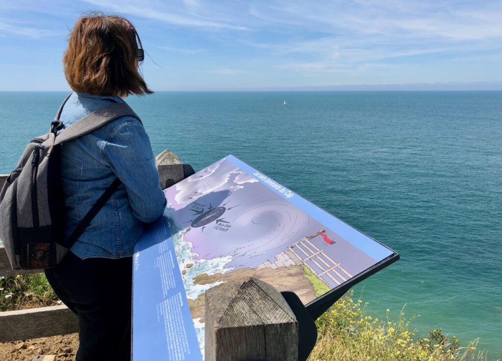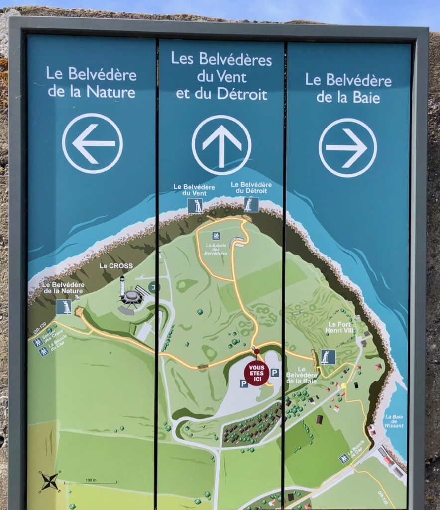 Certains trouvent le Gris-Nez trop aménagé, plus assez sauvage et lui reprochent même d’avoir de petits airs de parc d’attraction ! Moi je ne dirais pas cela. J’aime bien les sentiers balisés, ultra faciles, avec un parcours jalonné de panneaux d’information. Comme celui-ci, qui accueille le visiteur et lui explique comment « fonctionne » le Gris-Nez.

==

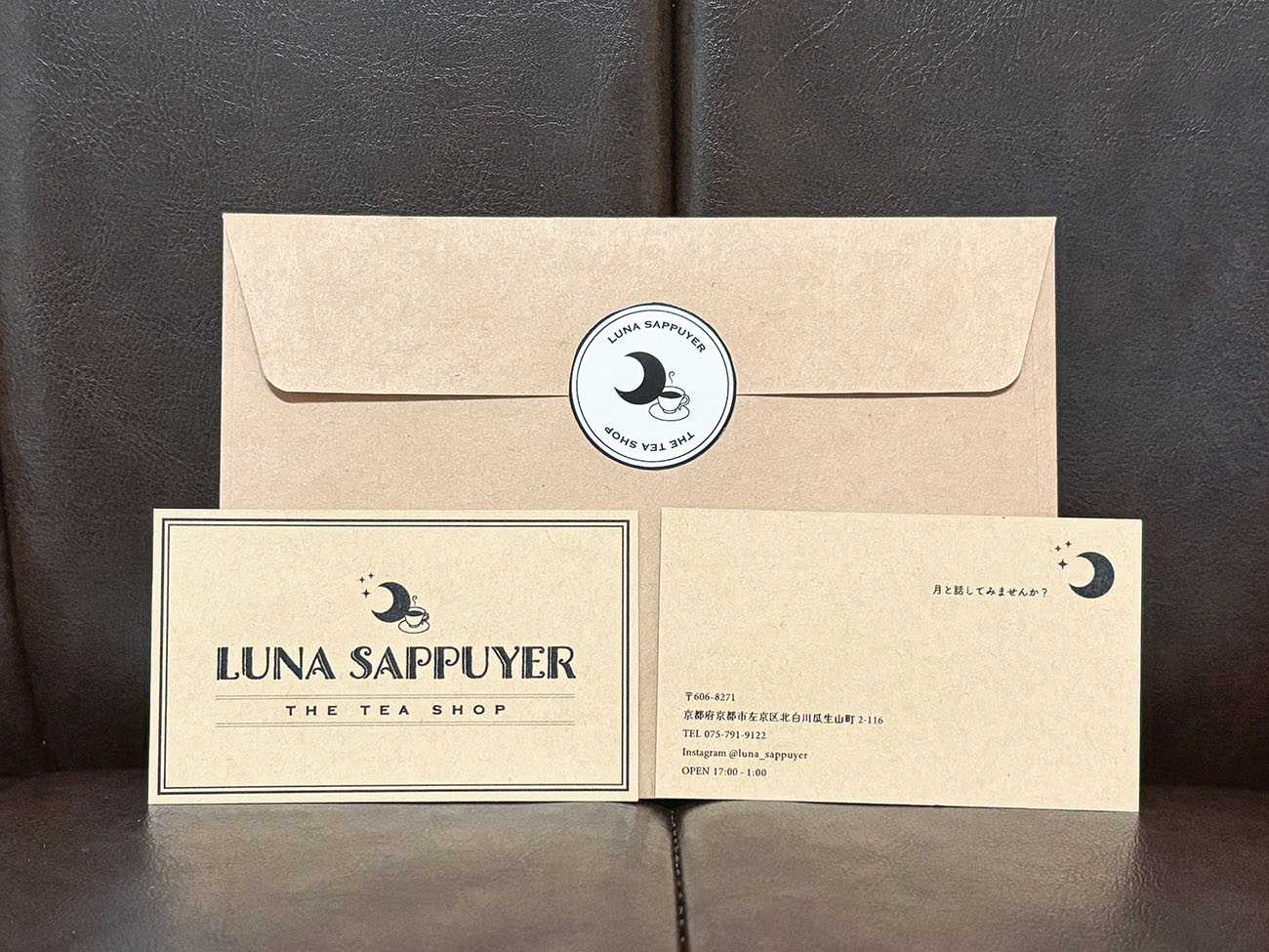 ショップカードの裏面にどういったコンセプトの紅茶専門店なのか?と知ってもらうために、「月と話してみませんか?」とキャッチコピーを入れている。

==

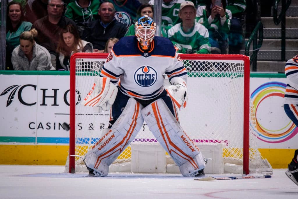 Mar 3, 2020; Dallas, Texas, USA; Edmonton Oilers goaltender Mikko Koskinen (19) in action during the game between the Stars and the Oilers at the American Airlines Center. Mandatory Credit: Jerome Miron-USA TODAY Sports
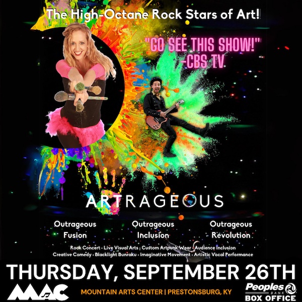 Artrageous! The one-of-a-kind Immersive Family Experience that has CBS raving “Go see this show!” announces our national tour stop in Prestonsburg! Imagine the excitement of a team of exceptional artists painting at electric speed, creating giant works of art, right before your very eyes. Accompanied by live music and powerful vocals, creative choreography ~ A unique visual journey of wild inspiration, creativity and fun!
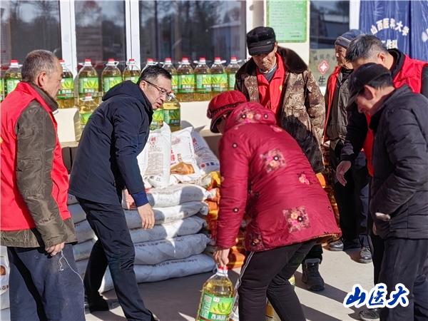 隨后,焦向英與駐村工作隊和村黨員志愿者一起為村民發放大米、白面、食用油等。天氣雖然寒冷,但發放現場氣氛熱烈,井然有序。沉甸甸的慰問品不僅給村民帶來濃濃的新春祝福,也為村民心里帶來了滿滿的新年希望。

■ **WHAT IS BEING ASKED**:
Please print the lines above word for word, starting at the one with "Mar 3, 2020;" and ending at the one with "隨后,焦向英與駐村工作隊和村", both included, and without any picture.

■ **YOUR SOLUTION**:
 Mar 3, 2020; Dallas, Texas, USA; Edmonton Oilers goaltender Mikko Koskinen (19) in action during the game between the Stars and the Oilers at the American Airlines Center. Mandatory Credit: Jerome Miron-USA TODAY Sports
 Artrageous! The one-of-a-kind Immersive Family Experience that has CBS raving “Go see this show!” announces our national tour stop in Prestonsburg! Imagine the excitement of a team of exceptional artists painting at electric speed, creating giant works of art, right before your very eyes. Accompanied by live music and powerful vocals, creative choreography ~ A unique visual journey of wild inspiration, creativity and fun!
 隨后,焦向英與駐村工作隊和村黨員志愿者一起為村民發放大米、白面、食用油等。天氣雖然寒冷,但發放現場氣氛熱烈,井然有序。沉甸甸的慰問品不僅給村民帶來濃濃的新春祝福,也為村民心里帶來了滿滿的新年希望。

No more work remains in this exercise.